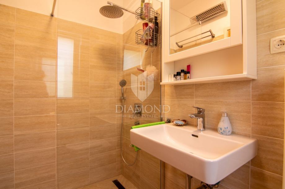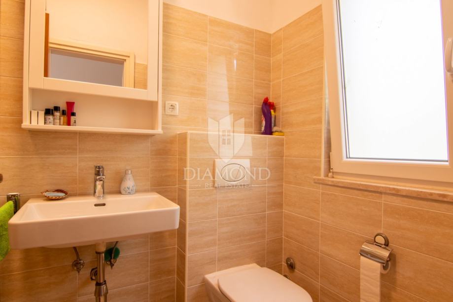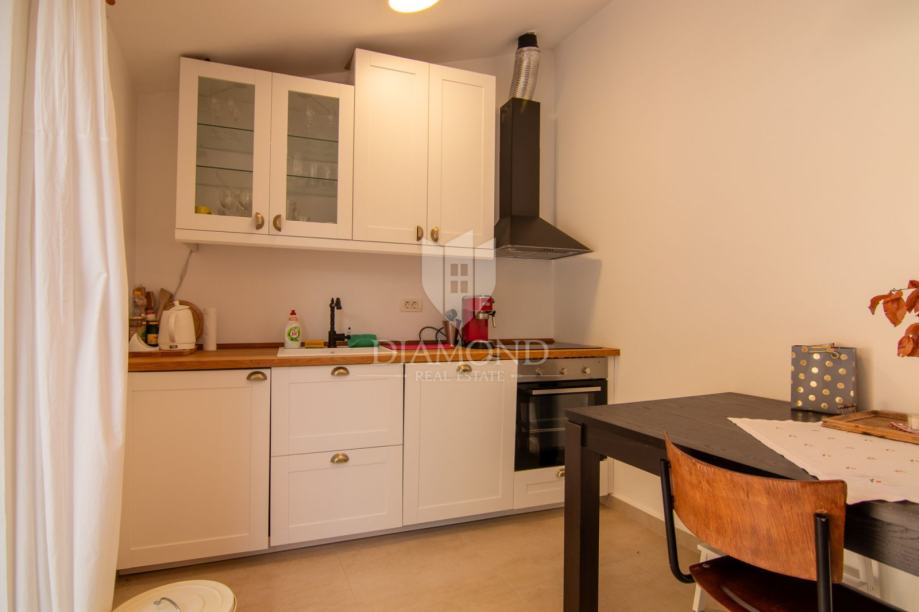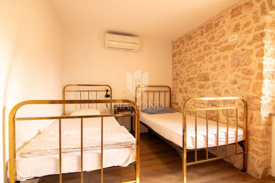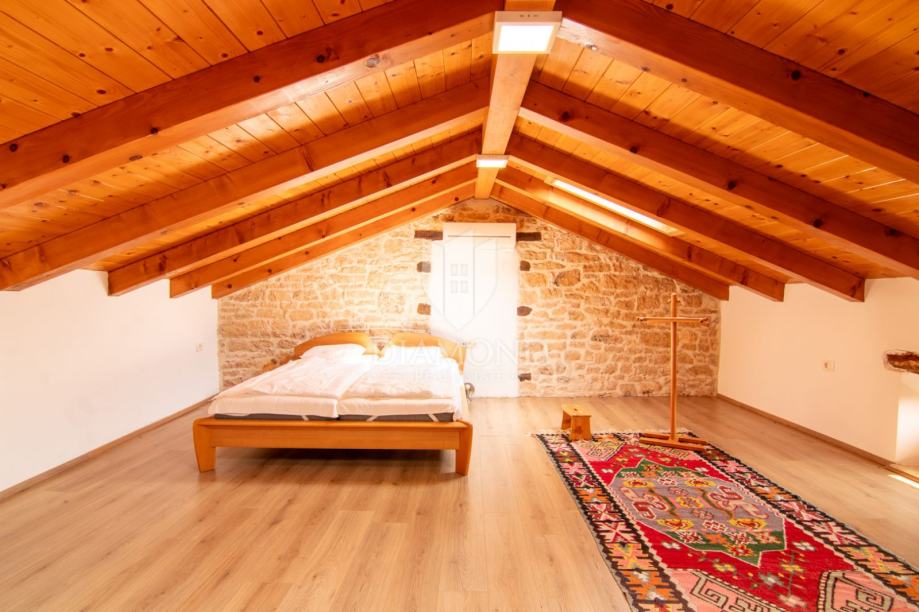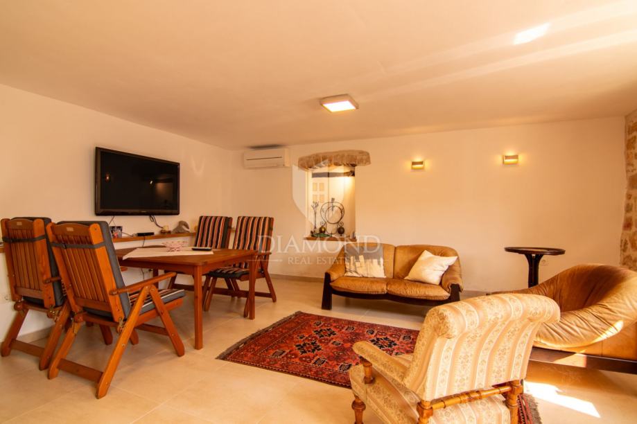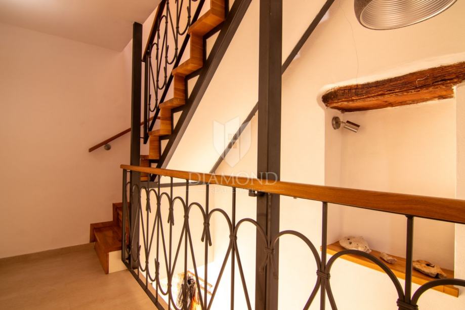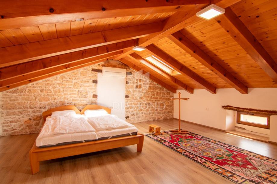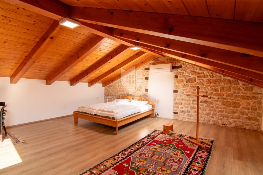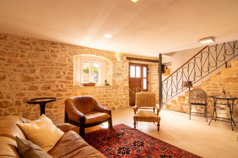 Kuća se prostire na više etaža i nudi tri udobne spavaće sobe, idealne za obitelj ili smještaj gostiju, moderno opremljenu kupaonicu, dodatni toalet te funkcionalnu kuhinju koja zadržava istarski karakter, ali zadovoljava sve suvremene potrebe. Poseban dojam ostavlja prostrani dnevni boravak, koji svojim toplim ambijentom, detaljima od prirodnog drva i izloženim kamenim zidovima odiše rustikalnom elegancijom i autentičnom atmosferom.
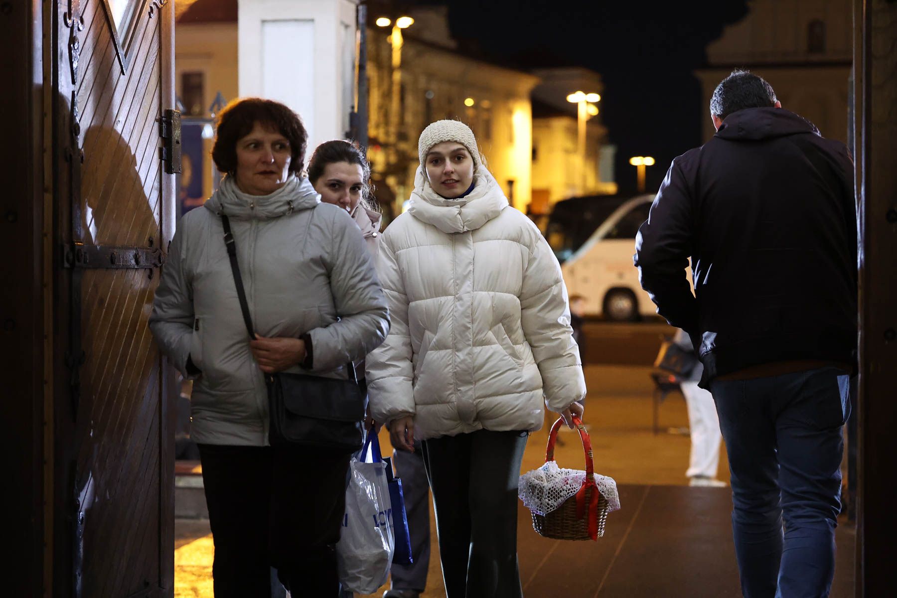 Перед храмом разводится костер, священник благословляет огонь, от которого зажигают пасхал – большую свечу, символизирующую Христа, после чего свет распространяется среди верующих.
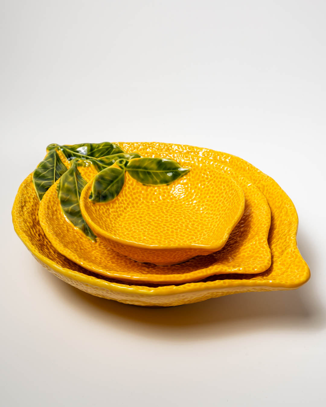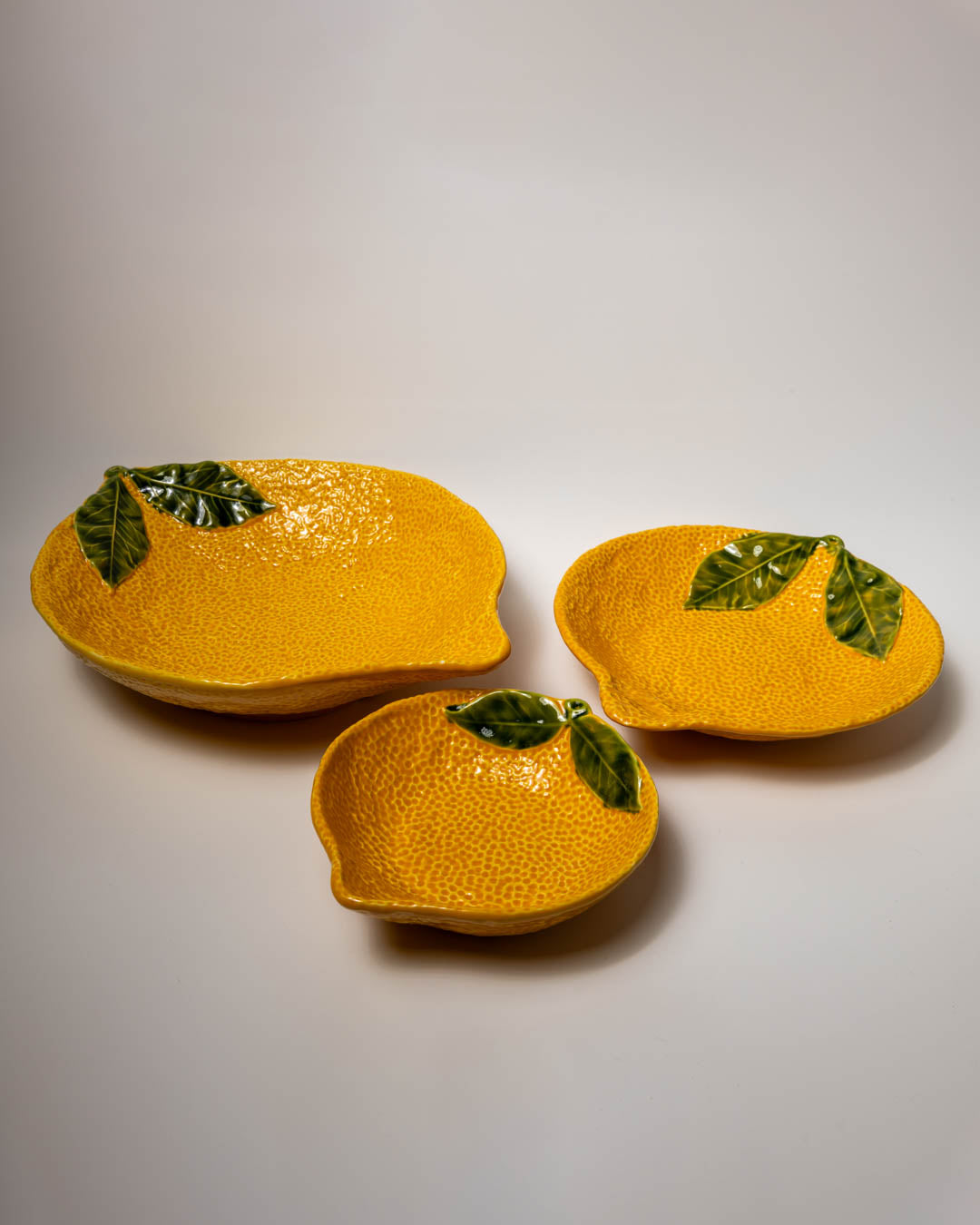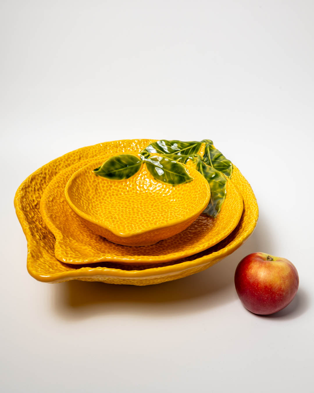 Handmade ceramic bowl from Portugal in a citrus shape.
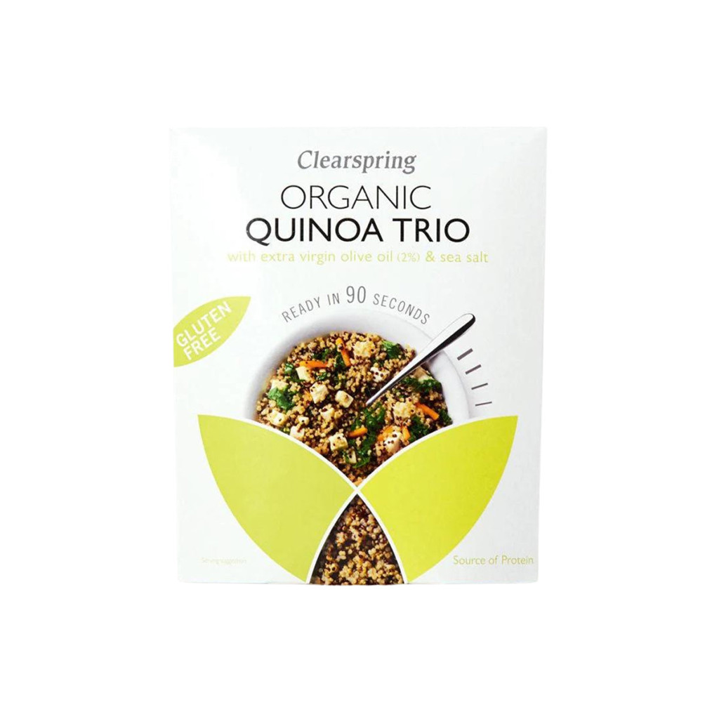 A bio fehér, vörös és a ritkább fekete quinoa színes keveréke, amely nagyon könnyen és gyorsan elkészíthető. Ezek a sokoldalú szemek praktikusan mikrohullámú sütőben használható tasakba vannak csomagolva a maximális frissesség és íz érdekében. Extra szűz olívaolajjal és finomítatlan mediterrán tengeri sóval fűszerezve, ezek a finom szemek hidegen és melegen is fogyaszthatók. Élvezze önmagukban, kevergetve, salátákban vagy tápláló köretként.Mindössze 90 másodperc alatt felmelegíthető mikrohullámú sütőben vagy főzőlapon.Hidegen is fogyasztható közvetlenül a csomagolásból - tökéletes nyári salátának!Sokoldalúan felhasználható - csak EVO olajjal és tengeri sóval fűszerezve.Színes keveréke a fehér, a piros és a szokatlanabb fekete quinoánakFehérjeforrásÖnmagában, kevergetve és salátákban is fogyasztható-2 adagot tartalmazÖsszetevők: Víz, fehér quinoa* (31%), vörös quinoa* (8,9%), fekete quinoa* (5%), extra szűz olívaolaj* (2%), tengeri só (0,9%). *organikusÁtlagos tápérték 100g termékben:Energia: 773 kj/184 kcalZsír: 4.6g Amelyből telített zsírsavak: 0,6g Szénhidrát: 29g Amelyből cukrok: 0,2g Fehérje: 5,5g Rost: 3,1g Só: 0,88g

::::::::::

Set the pictures aside and retype exactly the lines above from the line with "Перед храмом разводится" to the line with "Handmade ceramic bowl", both included, adding no others.

 Перед храмом разводится костер, священник благословляет огонь, от которого зажигают пасхал – большую свечу, символизирующую Христа, после чего свет распространяется среди верующих.
 Handmade ceramic bowl from Portugal in a citrus shape.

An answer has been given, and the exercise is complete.